*Exercise aim*
Could you retype the entries below exactly, omitting every picture?

*Available data*
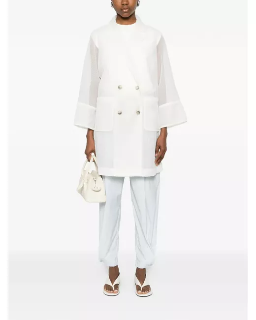 white double-breasted button fastening patch pocket structured shoulders cuffed sleeves textured
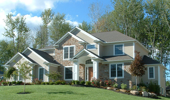 | 1st floor master suite with large vaulted master bath. 2 story foyer and great room with bridge between. 1st floor office/den. Formal dining room or parlor with tray ceiling. Loft overlooking foyer and great room. 1st floor laundry. Arched"barrel ceiling" covered porch. 2-car garage. | | Photo may vary from actual plan |
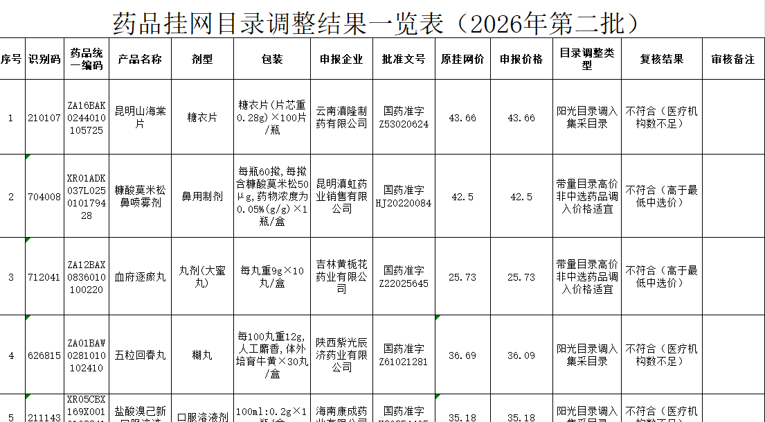 甘肃药品挂网目录调整结果一览表(2026年第二批)
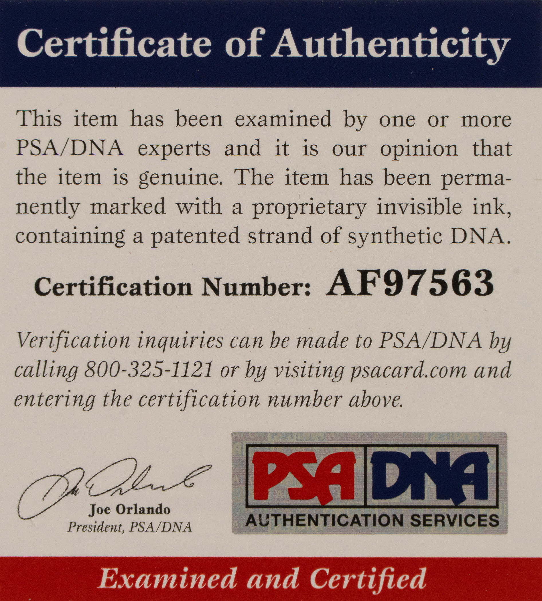 Official American League baseball (MacPhail) signed by pitcher Kirby Higbe in blue ink across the sweet spot. Higbe passed away in 1985 at the age of 70. The ball displays light toning, otherwise in Excellent to Mint condition overall. Basic certification from PSA/DNA (a corresponding sticker is affixed to the ball).
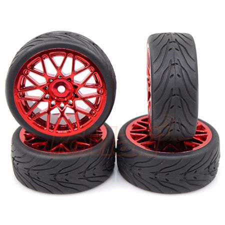 Yeah Racing 1:10 Spec T LS Wheel Offset +3 Red Chrome w/ Tire 4pcs (WL-0108)
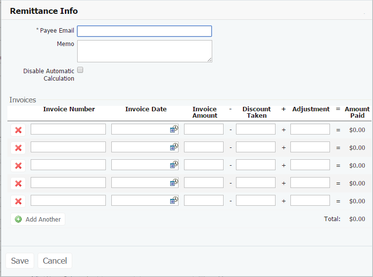 6. Click "Add Remittance" to preview where you can enter information to notify the payee about the payment
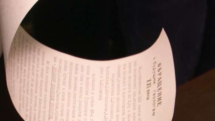 "Обращаемся к будущему поколению геологов! Мы были пионерами освоения природных богатств степи Северного Казахстана. Начинали работы в неосвоенных местах, в тяжелые годы после Второй, и мы надеемся последней человечества, мировой войны. Не было геологических карт, жилья, не хватало оборудования, снаряжения. Нам помогали романтика, вера в лучшее будущее", - зачитал послание геолог Талгат Исасеитов.
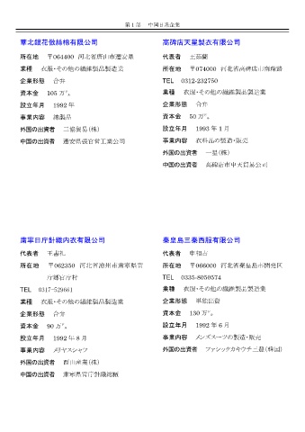 中国の出資者 遷安県張官営工業公司 事業内容 衣料品の製造・販売
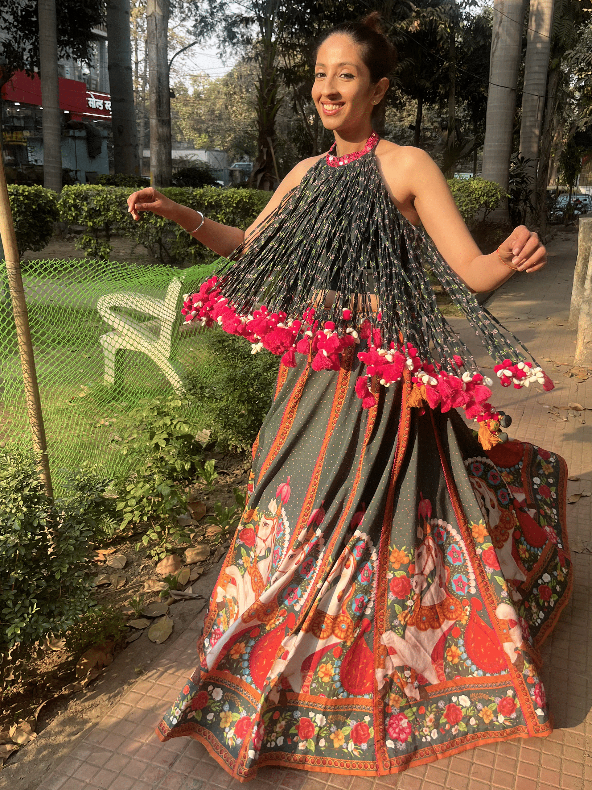 Bold yet romantic, the structured blouse balances the playful print, making it perfect for mehendi mornings, sangeet nights, and everything in between.

*Written solution*
 white double-breasted button fastening patch pocket structured shoulders cuffed sleeves textured
 | 1st floor master suite with large vaulted master bath. 2 story foyer and great room with bridge between. 1st floor office/den. Formal dining room or parlor with tray ceiling. Loft overlooking foyer and great room. 1st floor laundry. Arched"barrel ceiling" covered porch. 2-car garage. | | Photo may vary from actual plan |
 甘肃药品挂网目录调整结果一览表(2026年第二批)
 Official American League baseball (MacPhail) signed by pitcher Kirby Higbe in blue ink across the sweet spot. Higbe passed away in 1985 at the age of 70. The ball displays light toning, otherwise in Excellent to Mint condition overall. Basic certification from PSA/DNA (a corresponding sticker is affixed to the ball).
 Yeah Racing 1:10 Spec T LS Wheel Offset +3 Red Chrome w/ Tire 4pcs (WL-0108)
 6. Click "Add Remittance" to preview where you can enter information to notify the payee about the payment
 "Обращаемся к будущему поколению геологов! Мы были пионерами освоения природных богатств степи Северного Казахстана. Начинали работы в неосвоенных местах, в тяжелые годы после Второй, и мы надеемся последней человечества, мировой войны. Не было геологических карт, жилья, не хватало оборудования, снаряжения. Нам помогали романтика, вера в лучшее будущее", - зачитал послание геолог Талгат Исасеитов.
 中国の出資者 遷安県張官営工業公司 事業内容 衣料品の製造・販売
 Bold yet romantic, the structured blouse balances the playful print, making it perfect for mehendi mornings, sangeet nights, and everything in between.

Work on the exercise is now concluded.